No Easy Fix
February 13, 2015
“If we don’t fix this problem, even our friends and allies may turn against us.”
That was the dire warning one of the MHSAA staff members gave to the rest of us at a weekly staff meeting recently, during which this staff member was receiving emails from people appalled over the mid-season transfer of a basketball player from one school to another.
The “fix” that some people want is a rule that makes every transfer student ineligible for a full year, regardless of the reason for the change of schools or the circumstances of the student. Of course, that rule would never survive judicial scrutiny, and legislators in every corner of the state would be advocating change for the sake of one child or another.
A more moderate remedy is to utilize a rule that applies the full-year period of ineligibility to those students whose circumstances do not fit one of the already established 15 exceptions that make a student eligible without delay following a transfer.
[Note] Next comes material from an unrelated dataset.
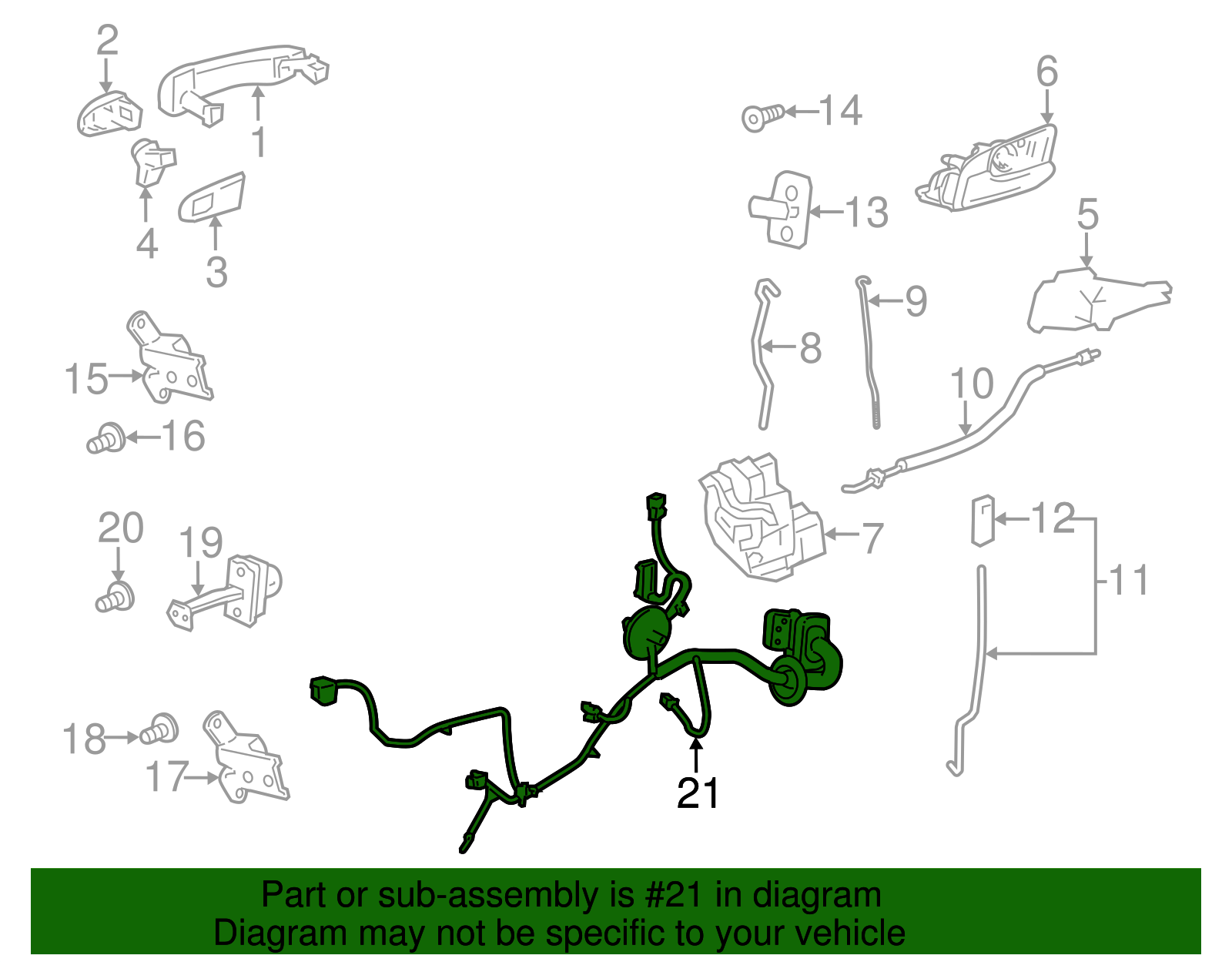 World Parts Direct Genuine GM Front Driver Side Door Wiring Harness 42681150 Part can be found as # 21 in the diagram above Product Description Without power window. This GM Genuine Part is designed, engineered, and tested to rigorous standards and is backed by General Motors Specifications Brand GM Manufacturer Part Number 42681150 SKU 42681150 Product Genuine GM Front Driver Side Door Wiring Harness 42681150 ONLY PART REFERENCE #21 ON THE DIAGRAM IS INCLUDED About Us WorldPartsDirect is a small, Texas based business located in the Dallas metroplex. There are about twenty of us that work tirelessly to get you the genuine, OEM parts you need at unbeatable prices. We pride ourselves in top quality customer service and our commitment to be the business we would want to shop with. We have one of the largest inventory networks in the country along with some of the most aggressive discounts. We love cars, and we love what we do! We hope you will love shopping with us , and we always welcome feedback on how we can make your shopping experience even better. Terms and Conditions Compatibility Guarantee (optional free service): Applies when you include your VIN during or before checkout. Simply click "Message to Seller" during checkout and include your VIN with any relevant details (ex: driver/ passenger side). Our fitment experts will confirm compatibility before shipping. If we determine that you purchased an incompatible part, we will correct your order if possible. If we cannot correct your order, we will notify you of the issue (ex: discontinued item) and give you the option to cancel. Part Authenticity and Warranty Guarantee: When you order from us, we guarantee that you will receive a genuine, OEM part. We do not stock anything aftermarket! Our parts are warrantied nationwide for 1 year at every Mopar (Chrysler/Dodge/Jeep/Ram) or General Motors (Chevrolet/Buick/GM/GMC) dealer in the country, depending on the brand of part you ordered. We are able to provide documentation that proves the validity of your purchase from our licensed dealership at anytime upon request. This documentation can be used to redeem this warranty if needed at the dealership of your choice and at no cost to you. Return Policy All of our products can be returned within 30 days. Please open a request for any of these reasons: Doesn't Fit Changed My Mind Found a Better Price Just Didn't Like it Ordered by Mistake The reason you pick has no impact on your refund amount, but it has a big impact on us as a seller. Choosing other reasons may delay the refund per an internal investigation and potential eBay appeal. If a part fails at anytime during the 1 year warranty period, any licensed new car dealership in the country that carries your brand of vehicle will replace the part for free. Simply request our dealer invoice for the part and provide it to your preferred dealer along with the defective part. Home • Newsletter Signup • Contact Us Copyright © 2025 World Parts Direct , All rights reserved. Solution by RevolutionParts, Inc. :: Design by OCDesignsOnline

That half-measure would not stop many transfers that would still frustrate people, and it would snag many transfers that would continue to anger people.
The rules we already have in place are tools for schools to use to stop many of the transfers that frustrate without snaring those transfers that anger: the athletic-motivated transfer rule and especially the athletic-related transfer rule (or links law).
Before our friends and allies turn their backs on us, they need to turn in the transfer situations where the rules already apply, and the undue influence (recruiting) they can document. They need to give the system a chance to work to the full extent of its potential. We should not make tougher rules if schools fail to utilize the rules they already have.
Adopting rules is usually easy for the organization. Applying rules is often much harder for the schools.
A Dedicated Downtime
November 7, 2014
Those who administer, coach or play school sports have become familiar with the phrase “downtime” to describe that period just before a season when coaches are not allowed to assemble players for activities that look too much like practice being conducted before the earliest practice of the season is allowed by rule.
In school sports, therefore, we often consider the downtime as a time to do less as teams – less than during the season, and even less than what is allowed teams during most of the offseason. If student-athletes are going to prepare for the upcoming season, they do so more as individuals than as organized teams during the brief preseason downtime.
In this we might look to the arts and literature for assistance; for it is in the downtime – the time away, on one’s own – that many artists, writers and other creative types have found their inspiration for excellence.
In Daily Rituals: How Artists Work, author Mason Currey describes the working habits of 160 creative thinkers. A common theme is the time these people demanded to be away from others to walk, sit and ponder. To wonder. To work through obstacles that seemed to be blocking their progress.
This is an imperfect analogy for student-athletes and school coaches, but it’s still instructive. In fact, a disconnected downtime – one without television, texting, tweeting and team drills, but with time and space to earnestly assess strengths and address weaknesses – might be central to an effective prescription for the upcoming season.